> _DATASET EXTRACT_
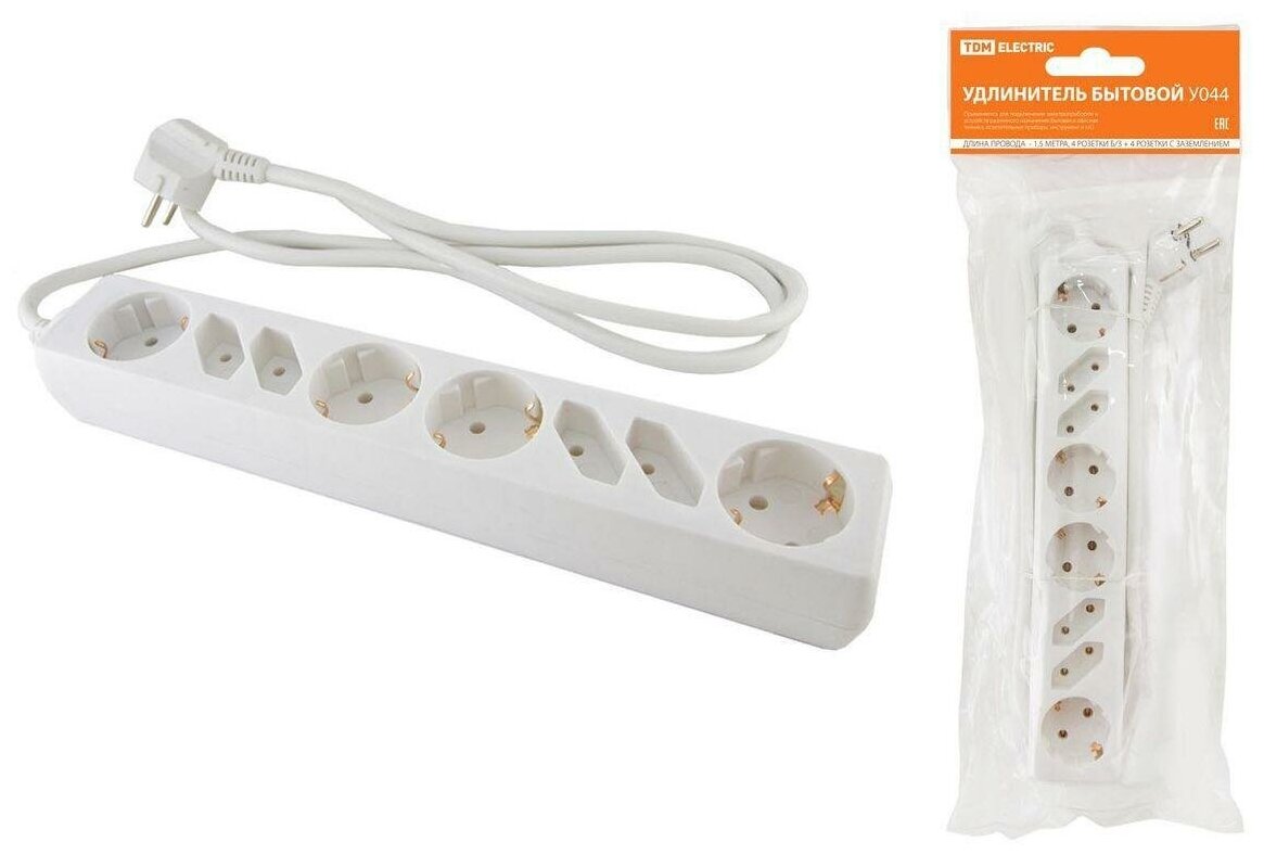 Удлинитель бытовой У044, 4 б/з+4 с/з, 1,5метра, ПВС 3х1,5мм2 16А/250В TDM SQ1303-0310 (1 шт.)
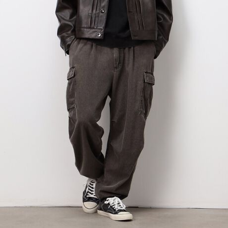 人気のオーバーダイのデニムでPURPLE&YELLOW定番のワイドカーゴパンツを作りました。
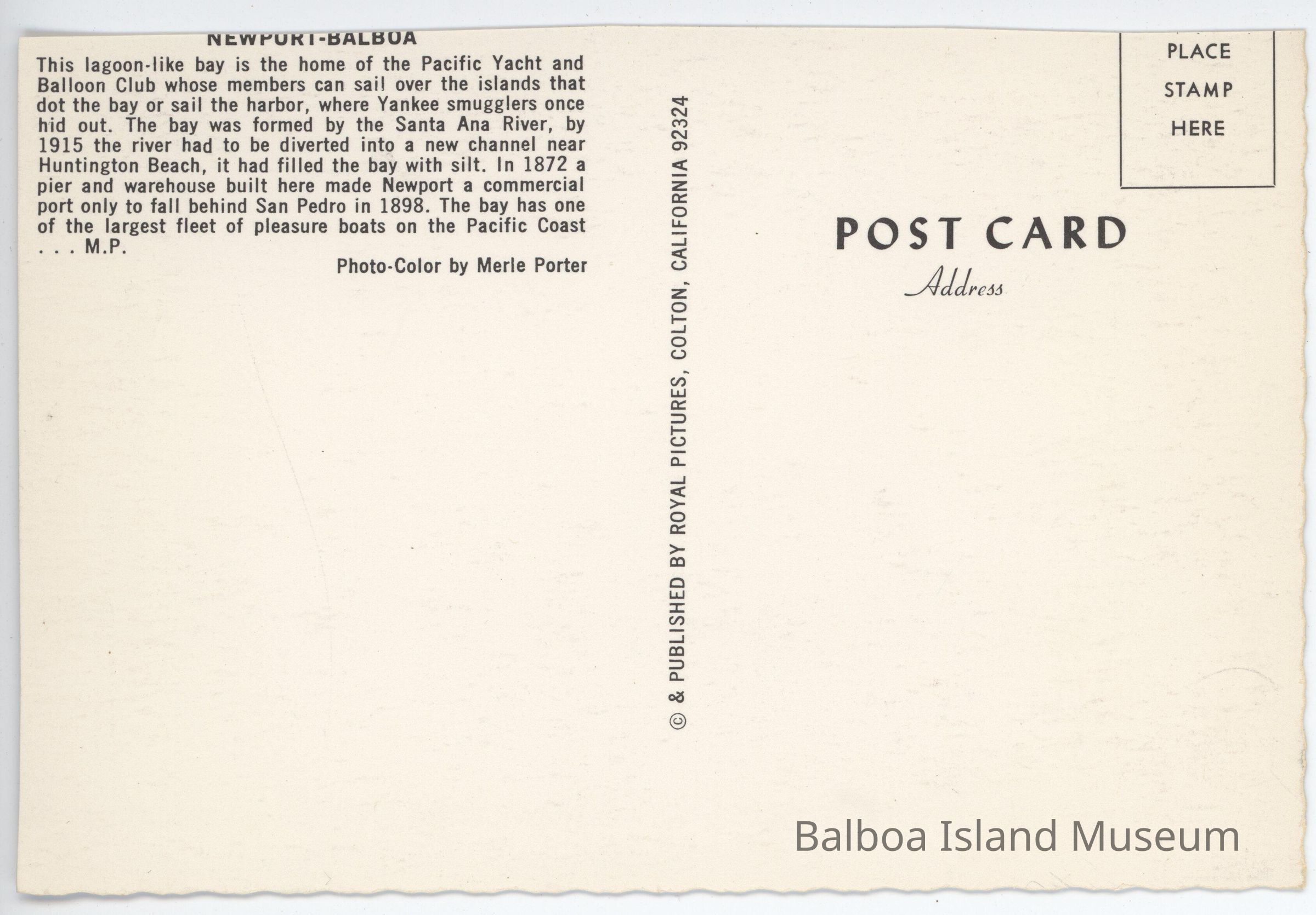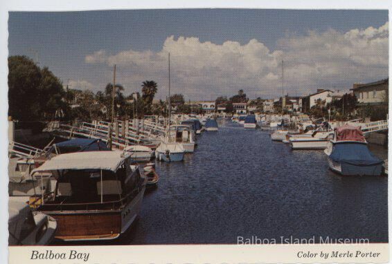 A photograph postcard featuring an image of several docks along a long channel with houses at the other end. This post card is identified as Balboa Bay, though it is most likely the are directly around Newport Island in the photograph due to the strage nature of the channel, which does not occur in the Balboa area except along Grand canal and the doc types do not match Grand Canal.

> _EXERCISE BRIEF_
Only the lines between the one containing "人気のオーバーダイのデニムで" and the last line of the listing above, both included, should be written out, exactly and without pictures.

> _EXERCISE OUTPUT_
 人気のオーバーダイのデニムでPURPLE&YELLOW定番のワイドカーゴパンツを作りました。
 A photograph postcard featuring an image of several docks along a long channel with houses at the other end. This post card is identified as Balboa Bay, though it is most likely the are directly around Newport Island in the photograph due to the strage nature of the channel, which does not occur in the Balboa area except along Grand canal and the doc types do not match Grand Canal.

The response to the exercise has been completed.